§ Description of the task
Your answer should contain only the lines from the top of the data below down through the one with "I am working", transcribed exactly and without pictures; please include nothing more.

§ Excerpts from a dataset
++++
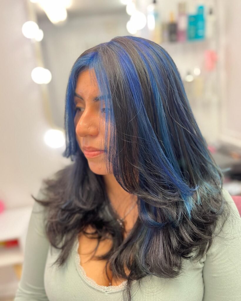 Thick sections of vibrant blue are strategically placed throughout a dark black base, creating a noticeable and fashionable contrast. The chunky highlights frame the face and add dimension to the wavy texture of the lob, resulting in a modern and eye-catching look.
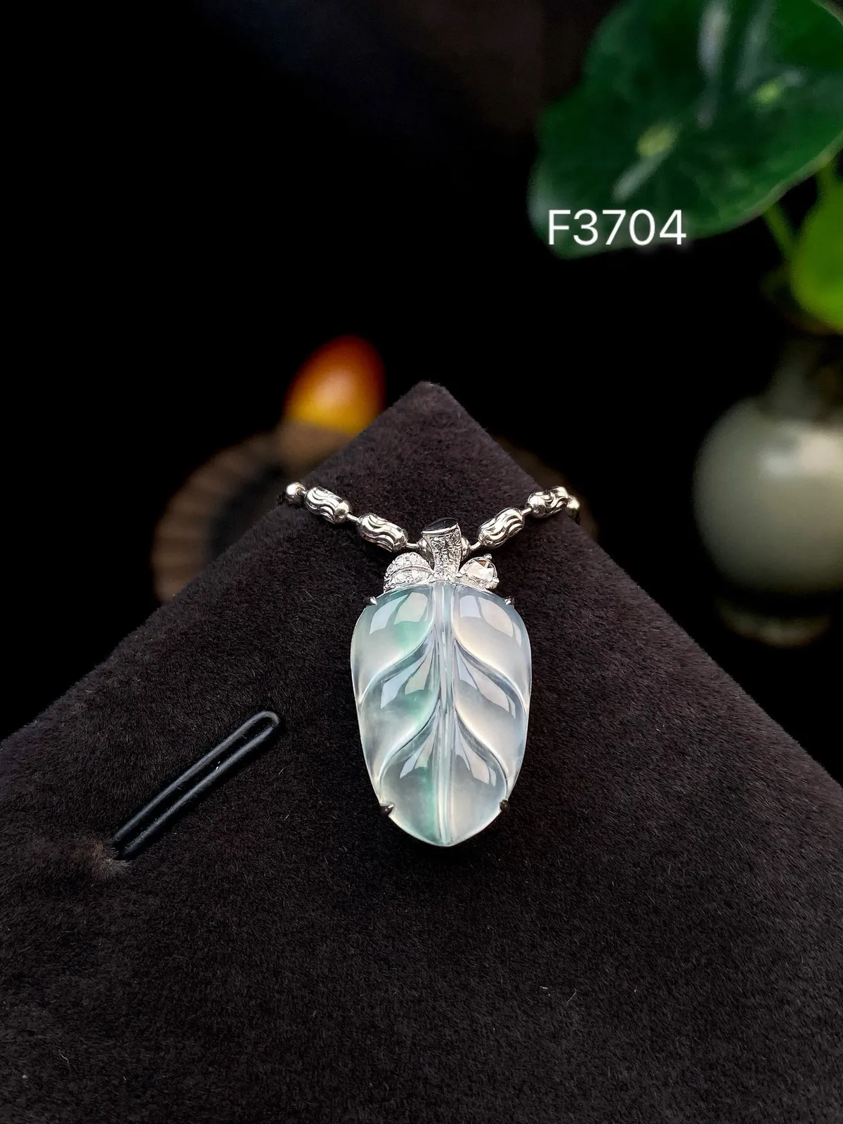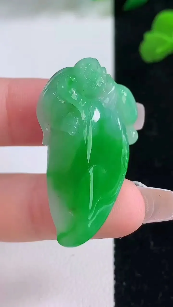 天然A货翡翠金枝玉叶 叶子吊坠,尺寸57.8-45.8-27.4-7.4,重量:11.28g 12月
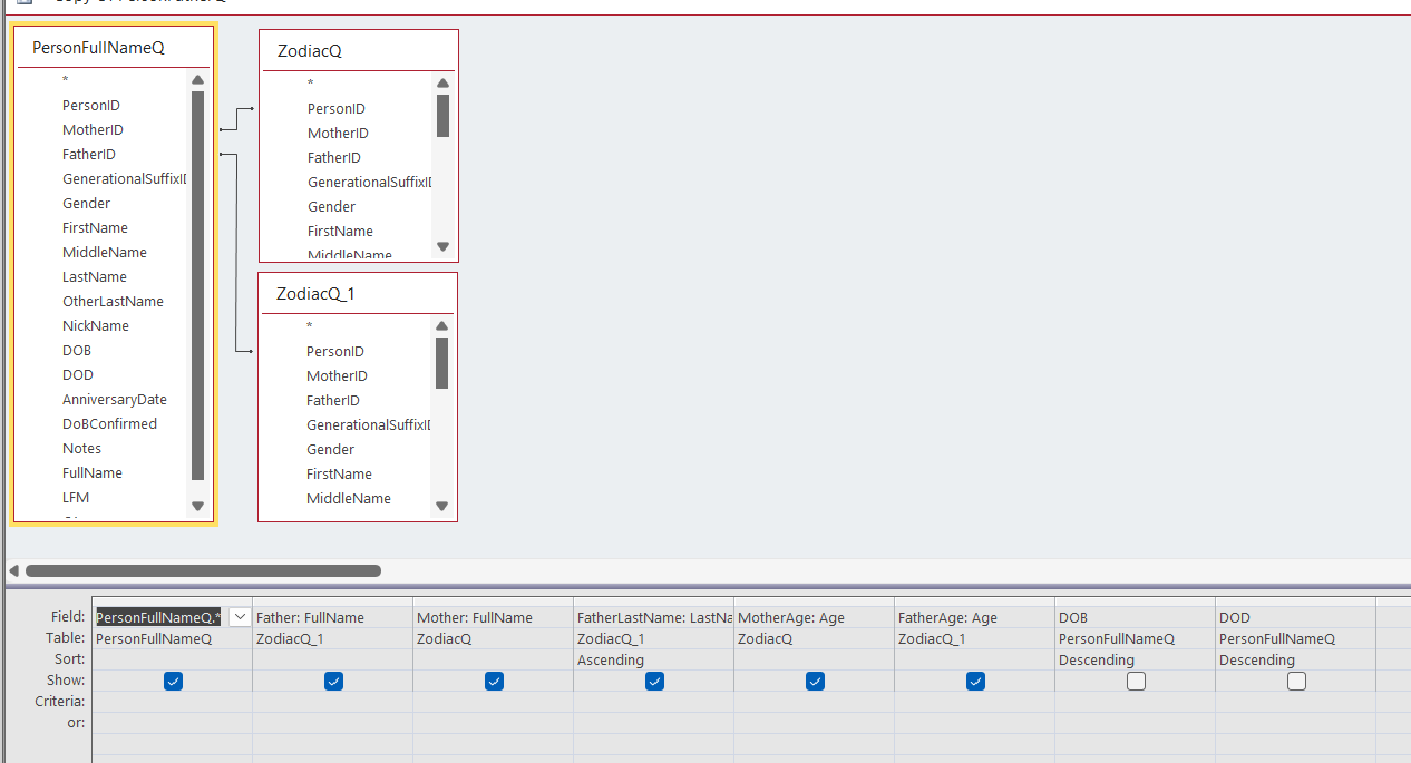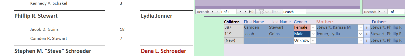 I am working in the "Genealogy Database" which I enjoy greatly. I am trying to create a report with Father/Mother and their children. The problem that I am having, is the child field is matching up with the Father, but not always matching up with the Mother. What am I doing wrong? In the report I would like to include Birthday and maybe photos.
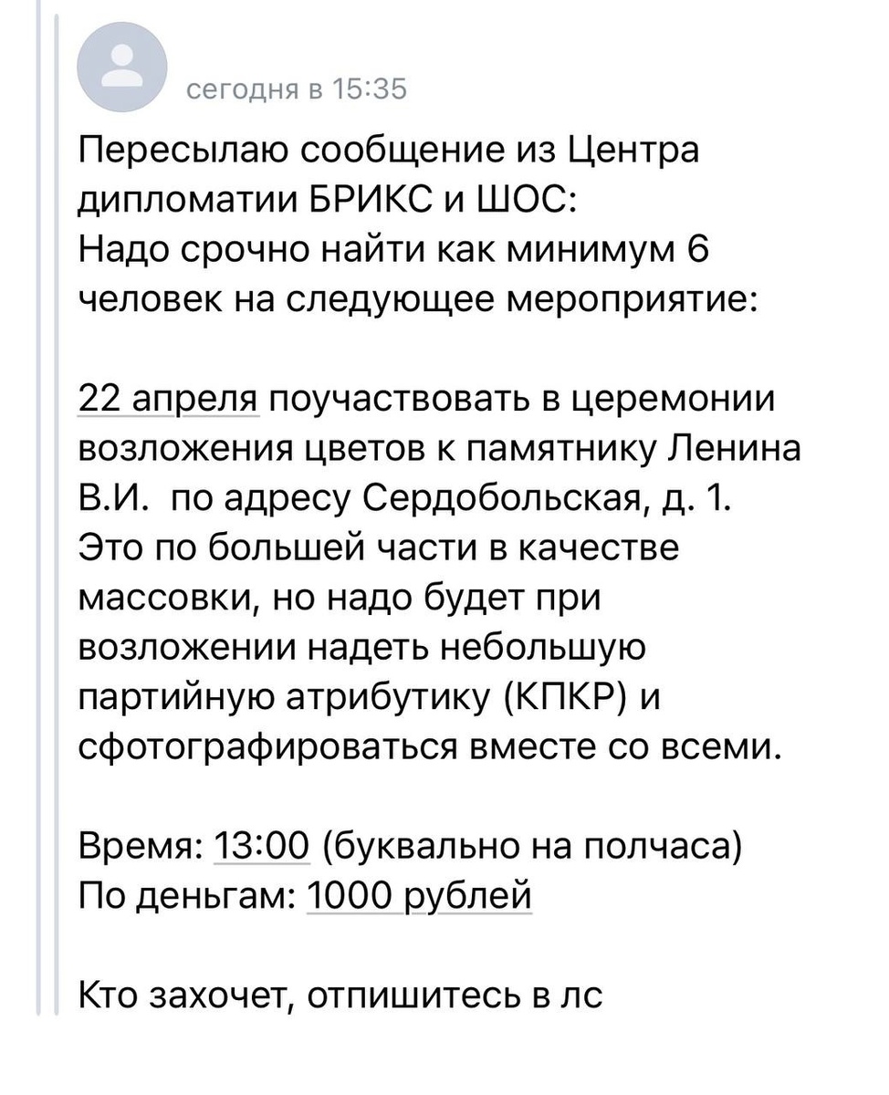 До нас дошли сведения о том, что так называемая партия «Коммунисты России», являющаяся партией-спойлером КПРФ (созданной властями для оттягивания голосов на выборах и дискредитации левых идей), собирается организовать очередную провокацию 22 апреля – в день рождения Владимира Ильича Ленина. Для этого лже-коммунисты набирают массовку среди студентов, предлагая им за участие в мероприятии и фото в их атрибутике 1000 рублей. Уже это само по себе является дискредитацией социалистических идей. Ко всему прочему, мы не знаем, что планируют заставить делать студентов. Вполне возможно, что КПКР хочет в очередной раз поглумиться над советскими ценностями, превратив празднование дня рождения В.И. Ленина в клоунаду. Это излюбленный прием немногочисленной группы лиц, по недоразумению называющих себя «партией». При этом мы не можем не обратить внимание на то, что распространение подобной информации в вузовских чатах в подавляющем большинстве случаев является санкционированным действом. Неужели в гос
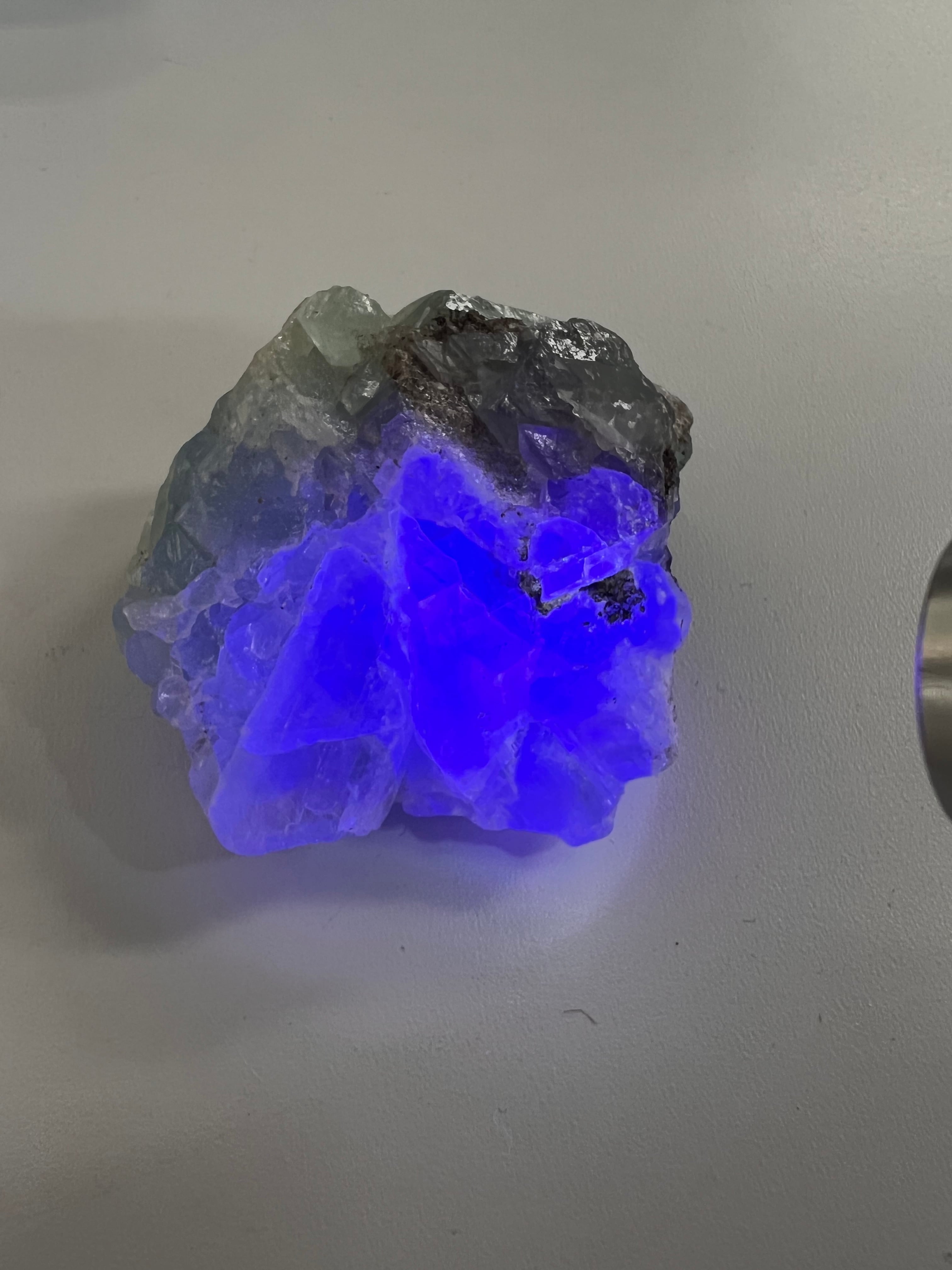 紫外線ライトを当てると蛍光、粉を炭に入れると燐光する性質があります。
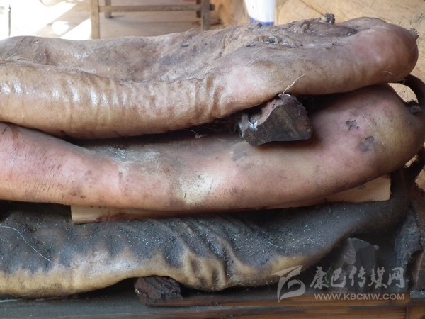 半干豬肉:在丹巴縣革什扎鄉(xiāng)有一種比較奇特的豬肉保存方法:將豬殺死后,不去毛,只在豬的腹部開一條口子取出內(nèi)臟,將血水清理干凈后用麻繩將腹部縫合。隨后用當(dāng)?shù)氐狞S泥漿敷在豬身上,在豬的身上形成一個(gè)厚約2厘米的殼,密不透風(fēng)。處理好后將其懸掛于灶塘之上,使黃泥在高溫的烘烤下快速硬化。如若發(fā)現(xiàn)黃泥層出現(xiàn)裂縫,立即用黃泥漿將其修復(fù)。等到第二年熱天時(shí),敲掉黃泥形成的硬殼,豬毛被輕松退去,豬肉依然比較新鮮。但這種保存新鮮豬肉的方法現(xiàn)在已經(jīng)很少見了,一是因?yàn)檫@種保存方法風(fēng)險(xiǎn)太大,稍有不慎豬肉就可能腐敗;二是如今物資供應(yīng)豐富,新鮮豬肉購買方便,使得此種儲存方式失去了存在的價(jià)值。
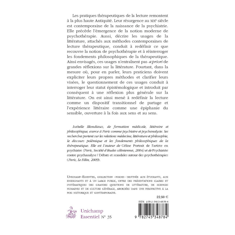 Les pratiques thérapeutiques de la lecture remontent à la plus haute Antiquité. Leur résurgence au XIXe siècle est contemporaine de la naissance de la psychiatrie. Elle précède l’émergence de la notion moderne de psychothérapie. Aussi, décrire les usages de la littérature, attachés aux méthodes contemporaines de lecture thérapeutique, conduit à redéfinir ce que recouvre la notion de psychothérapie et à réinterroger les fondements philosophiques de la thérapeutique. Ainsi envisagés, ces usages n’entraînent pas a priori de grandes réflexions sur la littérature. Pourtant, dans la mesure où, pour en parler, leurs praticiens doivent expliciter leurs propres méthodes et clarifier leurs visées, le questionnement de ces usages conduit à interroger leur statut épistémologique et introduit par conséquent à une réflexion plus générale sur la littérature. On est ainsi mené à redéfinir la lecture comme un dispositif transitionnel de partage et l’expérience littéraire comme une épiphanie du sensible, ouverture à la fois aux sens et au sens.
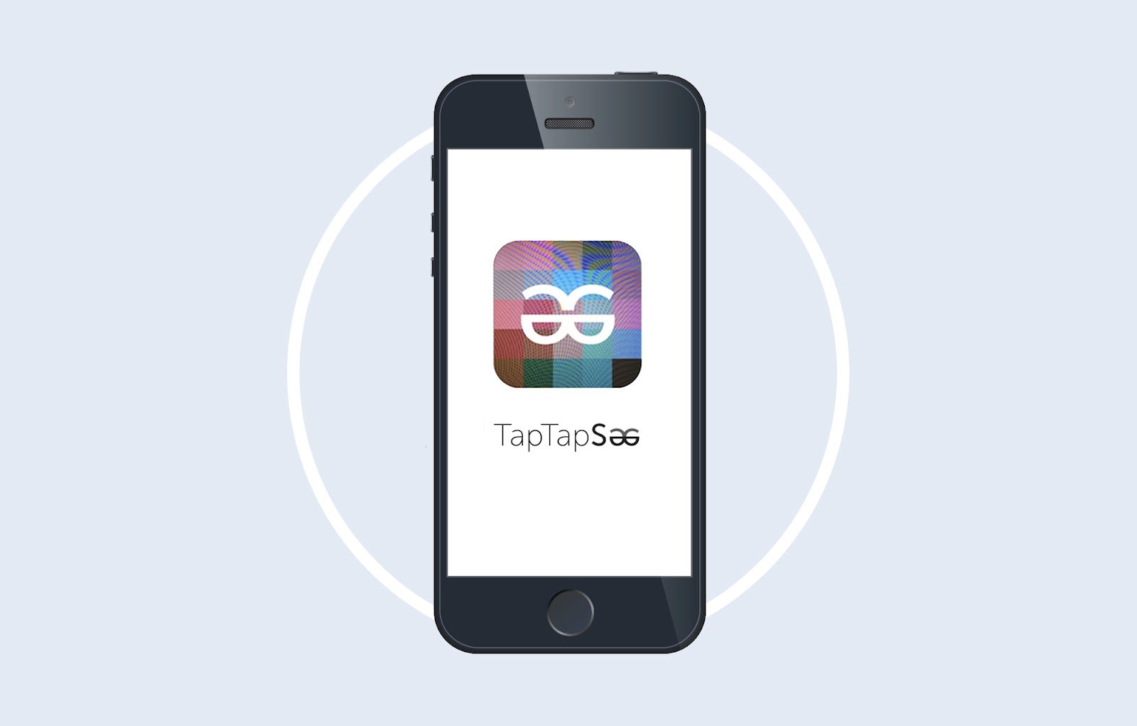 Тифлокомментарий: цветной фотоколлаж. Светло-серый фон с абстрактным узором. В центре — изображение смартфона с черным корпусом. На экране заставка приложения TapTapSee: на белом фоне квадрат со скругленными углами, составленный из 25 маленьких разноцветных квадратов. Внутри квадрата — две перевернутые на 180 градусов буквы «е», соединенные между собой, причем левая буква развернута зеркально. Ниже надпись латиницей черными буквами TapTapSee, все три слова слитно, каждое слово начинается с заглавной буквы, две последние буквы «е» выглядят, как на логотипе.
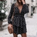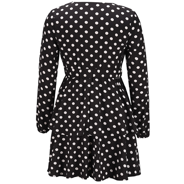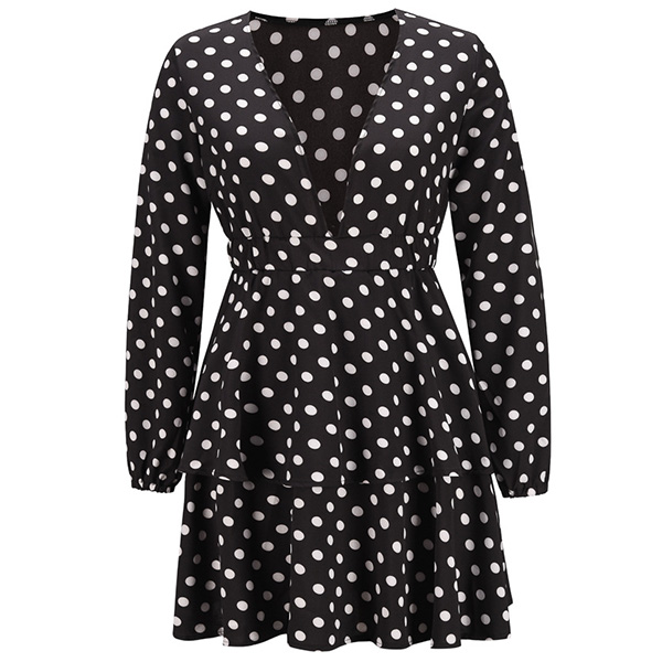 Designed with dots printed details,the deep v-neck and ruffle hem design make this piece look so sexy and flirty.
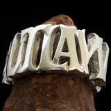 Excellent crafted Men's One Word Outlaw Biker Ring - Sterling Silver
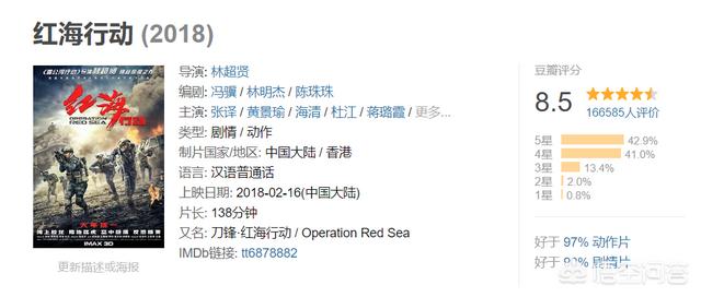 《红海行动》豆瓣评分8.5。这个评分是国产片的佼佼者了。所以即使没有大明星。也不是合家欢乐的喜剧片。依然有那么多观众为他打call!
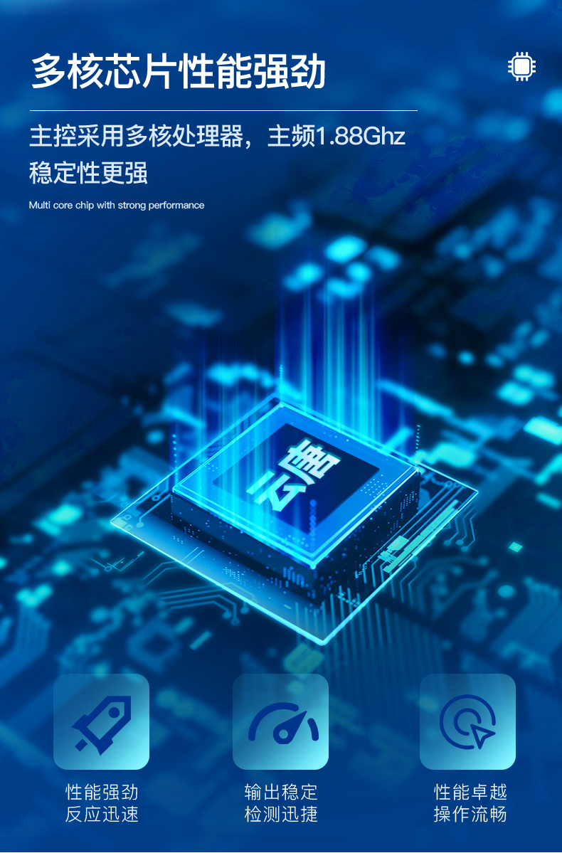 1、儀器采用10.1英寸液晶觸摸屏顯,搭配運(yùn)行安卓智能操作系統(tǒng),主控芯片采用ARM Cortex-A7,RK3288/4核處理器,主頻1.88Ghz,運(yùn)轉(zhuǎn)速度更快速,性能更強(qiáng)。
++++
§ Result of this task
 Thick sections of vibrant blue are strategically placed throughout a dark black base, creating a noticeable and fashionable contrast. The chunky highlights frame the face and add dimension to the wavy texture of the lob, resulting in a modern and eye-catching look.
 天然A货翡翠金枝玉叶 叶子吊坠,尺寸57.8-45.8-27.4-7.4,重量:11.28g 12月
 I am working in the "Genealogy Database" which I enjoy greatly. I am trying to create a report with Father/Mother and their children. The problem that I am having, is the child field is matching up with the Father, but not always matching up with the Mother. What am I doing wrong? In the report I would like to include Birthday and maybe photos.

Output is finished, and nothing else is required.